## What to do
Every entry must reappear in your answer exactly as written, though its pictures must not.

## Provided data
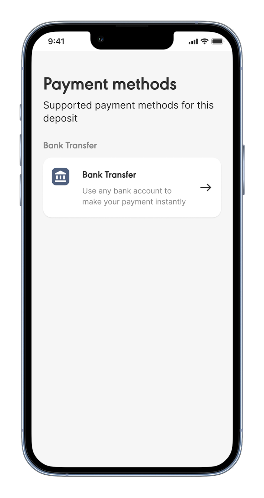 Once you confirm the amount, you’ll be taken to the Payment Method screen. You’ll see Bank Transfer as the available method. Select it to proceed.
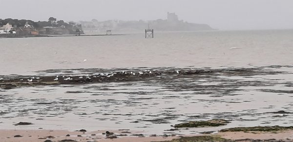 Toujours faute de parking (je n’ai pas envie de me promener mouillée dans l’air très frais) je choisi la plage Sud, très tranquille. Drapeau vert, deux nageurs et un gamin sur une planche de paddle sous les yeux d’un sauveteur. Pour tester la température de l’eau, je marche d’abord les pieds dans l’eau, jusqu’aux chevilles puis mi-mollets. Elle n’est pas froide. J’y vais. Ce que je ne savais pas c’est que les fonds sont vaseux et que l’eau est peu profonde. Je glisse et m’enfonce (réminiscence du mont Saint Michel). Quand je ange mes genoux traînent dans la vase. Comme d’habitude je nage jusqu’à la bouée jaune qui marque la limite de la baignade et va de bouée en bouée. Une averse s’abat timidement. Ce n’est pas gênant quand on est déjà dans l’eau. Cette baignade ne sera pas une baignade mémorable. Mais j’aurais regretté de n’avoir pas tenté !
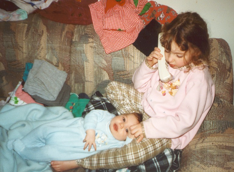 Genny and Johnny hanging out amidst the clean clothes waiting to be put
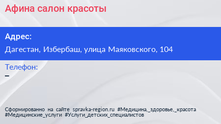 Афина, салон красоты по адресу Дагестан, Избербаш, улица Маяковского, 104 в дальнейшем Организация, размещена в следующих категориях:
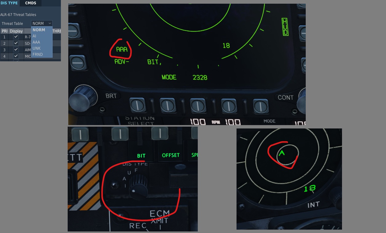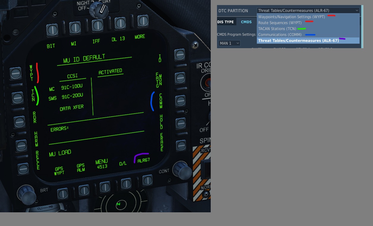 En premier lieu, rappel des deux vidéos tuto de Wags : https://www.youtube.com/watch?v=zW07BTSVXko https://www.youtube.com/watch?v=y4xLUIljI1U La plus grosse blague d'UI étant que tout se joue avec FILE->IMPORT/EXPORT ("save" sauvegarde dans le .miz ...) Avec cela, vous avez donc votre fichier .dtc quelque part près à être chargé dès que vous êtes sur la page briefing avant de faire Fly. Les quatres partitions WYPT/TCN/COMM.ALR-67 sont réparties dans 5 dropdown (la WYPT est séparée en deux): Deux des quatres partitions sont assez explicites et n'ont pas besoin de plus d'explication que ça:
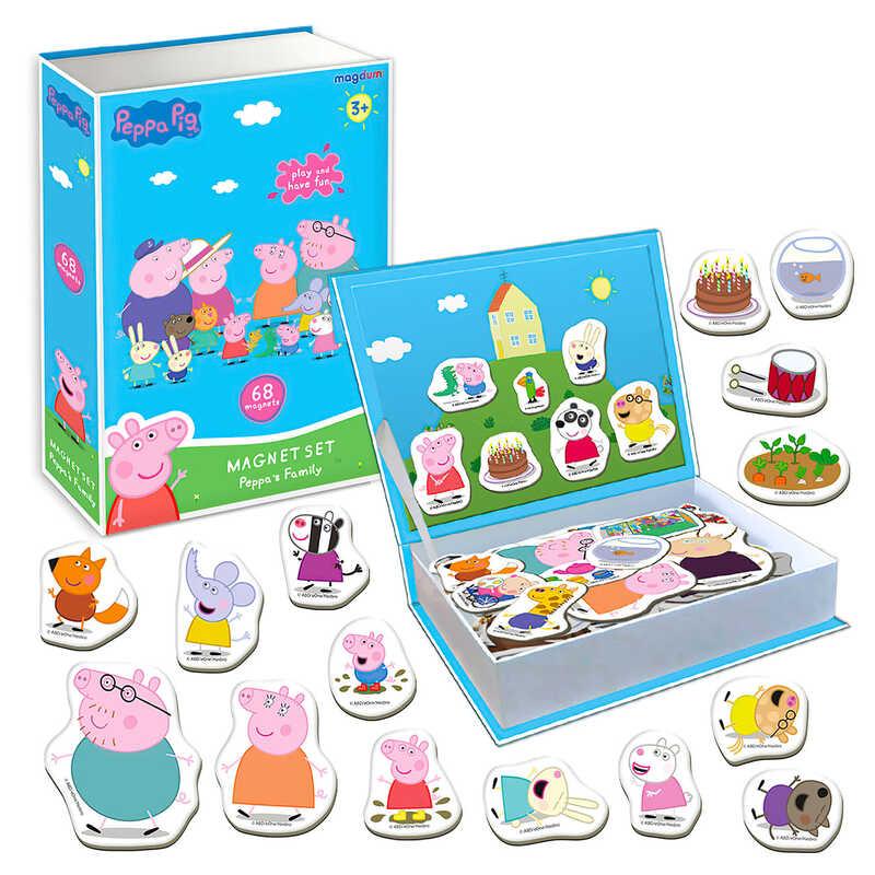 Улюблена героїня дитячого мультфільму запрошує дитину цікаво провести один день разом зі своєю родиною! Святкуйте день народження, доглядайте за улюбленцями, грайте та просто весело проводьте час – свинка Пеппа буде рада розділити з дитиною свої емоції. Набір включає 15 кольорових магнітів, які можна прикріпити на будь-яку поверхню.
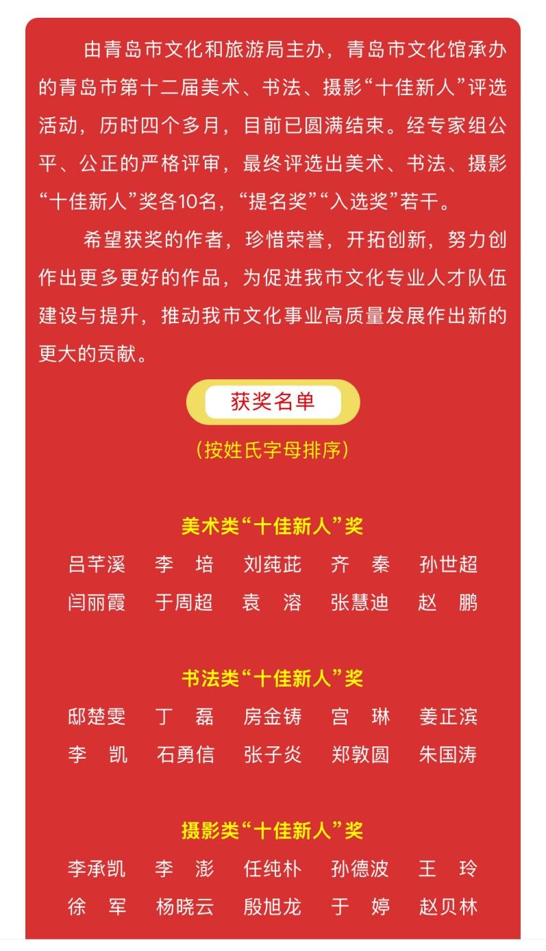 本次评选由青岛市文化和旅游局主办,青岛市文化馆承办,美术、书法、摄影十佳新人奖评选是青岛市推进艺术事业发展的重要举措之一,自1991年举办第一届美术“十佳奖”以来,每两至三年举办一次,旨在通过评比的方式创造一种永久性的选拔机制,发现和推出以青年为主体的艺术创作新秀。
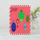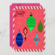Transmita seus Cartões de natal mais quentes com uma série animada de ornamentos suspensos. Cada ornamento, pendurado de uma faixa de fita vermelha festiva, exibe uma cor distinta. Um é enfeitado em verde claro com ovais verdes escuros e outro em forma oval de verde médio com listras horizontais cor-de-rosa. O terceiro vislumbre em azul escuro com pretos azuis claros, o quarto irradia em vermelho profundo com um design branco, e o quinto em azul claro com ovais cor-de-rosa com estrelas azuis claras. Juntos, eles se posicionam sobre um sumptuoso fundo vermelho, pontilhado com flocos de neve brancos e macios, cercado por uma borda doce de cana-doce.
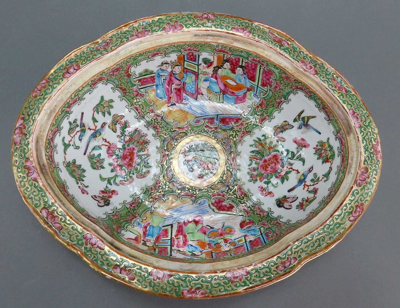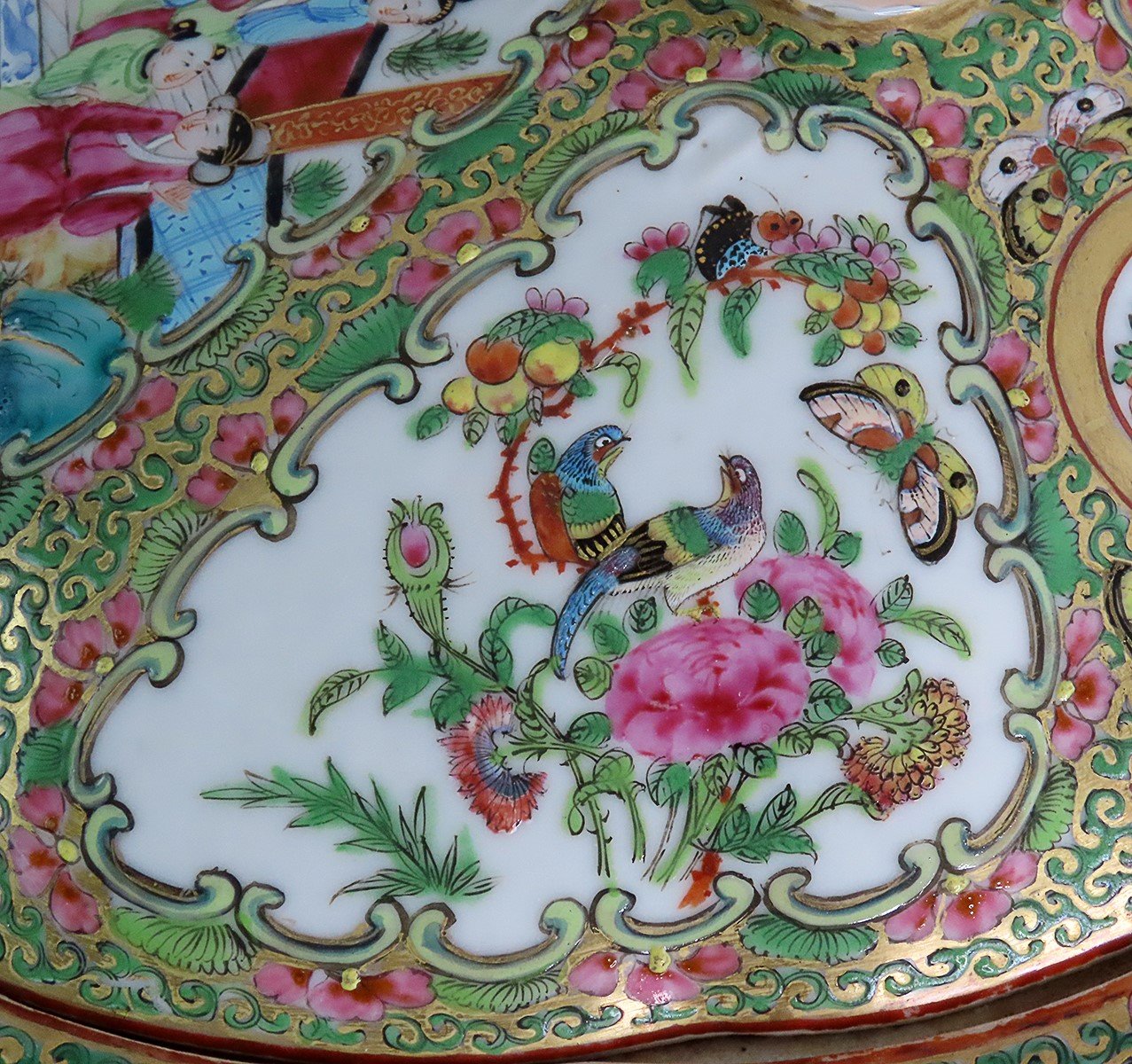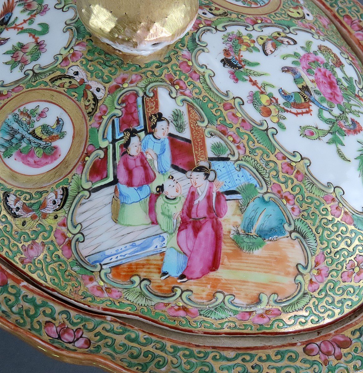 Presented is a lovely Chinese export porcelain Famille Rose Medallion covered dish, dating between 1850-1870s. The bowl is in a subtle quatrefoil form. Around the lid and the interior of the bowl, there are two intricate scenes of traditionally garbed Chinese figures alternating with two rich and colorful scenes of birds and flowers. The lid also displays two smaller round scenes of birds and flowers. The lip of the dish has a border of green scroll-work alternating with flowers against a gilt background; this pattern also in between all the scenes. The exterior of the piece displays floral clusters on each of the quatrefoil sides.
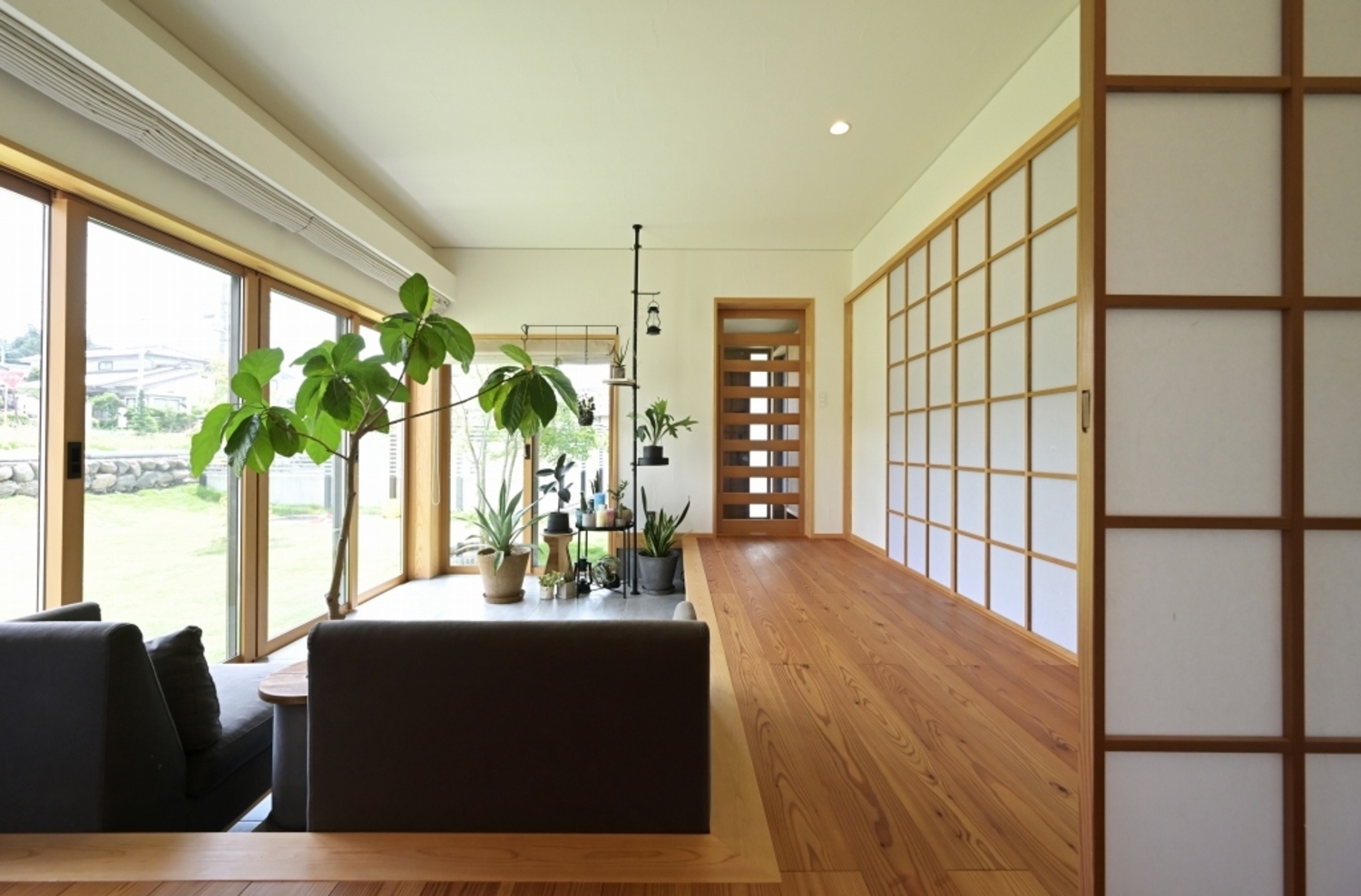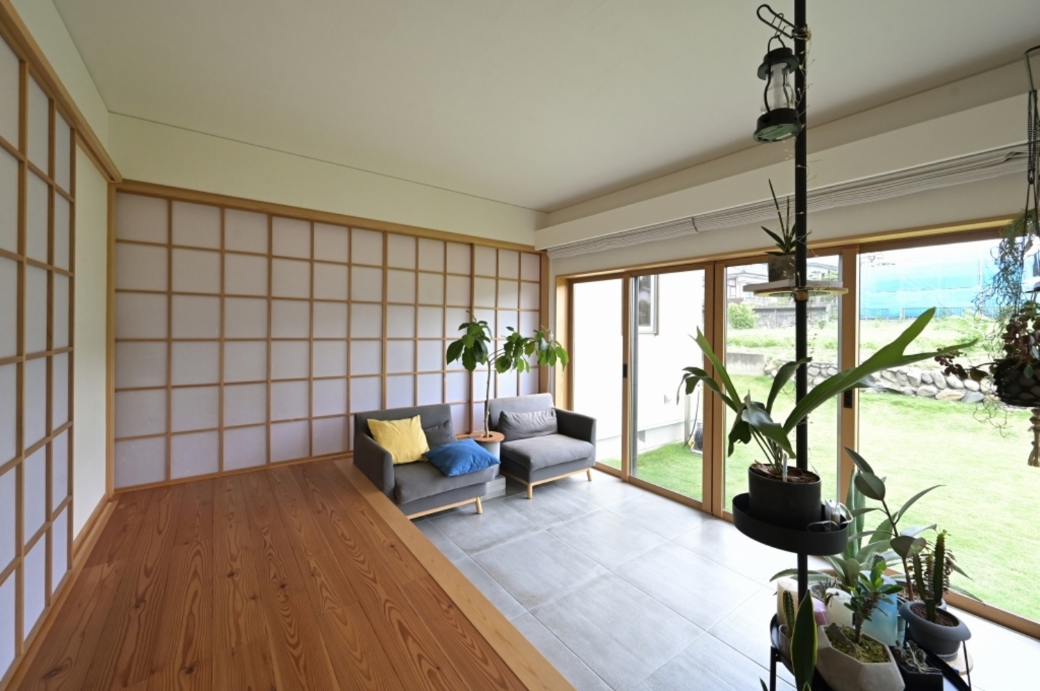親世帯・若世帯それぞれとの境界は障子で仕切ることができ、両世帯ののりしろとして、皆が集う場として、ちょうどいい距離感を育む土間サロン。

## Finished task
 Once you confirm the amount, you’ll be taken to the Payment Method screen. You’ll see Bank Transfer as the available method. Select it to proceed.
 Toujours faute de parking (je n’ai pas envie de me promener mouillée dans l’air très frais) je choisi la plage Sud, très tranquille. Drapeau vert, deux nageurs et un gamin sur une planche de paddle sous les yeux d’un sauveteur. Pour tester la température de l’eau, je marche d’abord les pieds dans l’eau, jusqu’aux chevilles puis mi-mollets. Elle n’est pas froide. J’y vais. Ce que je ne savais pas c’est que les fonds sont vaseux et que l’eau est peu profonde. Je glisse et m’enfonce (réminiscence du mont Saint Michel). Quand je ange mes genoux traînent dans la vase. Comme d’habitude je nage jusqu’à la bouée jaune qui marque la limite de la baignade et va de bouée en bouée. Une averse s’abat timidement. Ce n’est pas gênant quand on est déjà dans l’eau. Cette baignade ne sera pas une baignade mémorable. Mais j’aurais regretté de n’avoir pas tenté !
 Genny and Johnny hanging out amidst the clean clothes waiting to be put
 Афина, салон красоты по адресу Дагестан, Избербаш, улица Маяковского, 104 в дальнейшем Организация, размещена в следующих категориях:
 En premier lieu, rappel des deux vidéos tuto de Wags : https://www.youtube.com/watch?v=zW07BTSVXko https://www.youtube.com/watch?v=y4xLUIljI1U La plus grosse blague d'UI étant que tout se joue avec FILE->IMPORT/EXPORT ("save" sauvegarde dans le .miz ...) Avec cela, vous avez donc votre fichier .dtc quelque part près à être chargé dès que vous êtes sur la page briefing avant de faire Fly. Les quatres partitions WYPT/TCN/COMM.ALR-67 sont réparties dans 5 dropdown (la WYPT est séparée en deux): Deux des quatres partitions sont assez explicites et n'ont pas besoin de plus d'explication que ça:
 Улюблена героїня дитячого мультфільму запрошує дитину цікаво провести один день разом зі своєю родиною! Святкуйте день народження, доглядайте за улюбленцями, грайте та просто весело проводьте час – свинка Пеппа буде рада розділити з дитиною свої емоції. Набір включає 15 кольорових магнітів, які можна прикріпити на будь-яку поверхню.
 本次评选由青岛市文化和旅游局主办,青岛市文化馆承办,美术、书法、摄影十佳新人奖评选是青岛市推进艺术事业发展的重要举措之一,自1991年举办第一届美术“十佳奖”以来,每两至三年举办一次,旨在通过评比的方式创造一种永久性的选拔机制,发现和推出以青年为主体的艺术创作新秀。
Transmita seus Cartões de natal mais quentes com uma série animada de ornamentos suspensos. Cada ornamento, pendurado de uma faixa de fita vermelha festiva, exibe uma cor distinta. Um é enfeitado em verde claro com ovais verdes escuros e outro em forma oval de verde médio com listras horizontais cor-de-rosa. O terceiro vislumbre em azul escuro com pretos azuis claros, o quarto irradia em vermelho profundo com um design branco, e o quinto em azul claro com ovais cor-de-rosa com estrelas azuis claras. Juntos, eles se posicionam sobre um sumptuoso fundo vermelho, pontilhado com flocos de neve brancos e macios, cercado por uma borda doce de cana-doce.
 Presented is a lovely Chinese export porcelain Famille Rose Medallion covered dish, dating between 1850-1870s. The bowl is in a subtle quatrefoil form. Around the lid and the interior of the bowl, there are two intricate scenes of traditionally garbed Chinese figures alternating with two rich and colorful scenes of birds and flowers. The lid also displays two smaller round scenes of birds and flowers. The lip of the dish has a border of green scroll-work alternating with flowers against a gilt background; this pattern also in between all the scenes. The exterior of the piece displays floral clusters on each of the quatrefoil sides.
親世帯・若世帯それぞれとの境界は障子で仕切ることができ、両世帯ののりしろとして、皆が集う場として、ちょうどいい距離感を育む土間サロン。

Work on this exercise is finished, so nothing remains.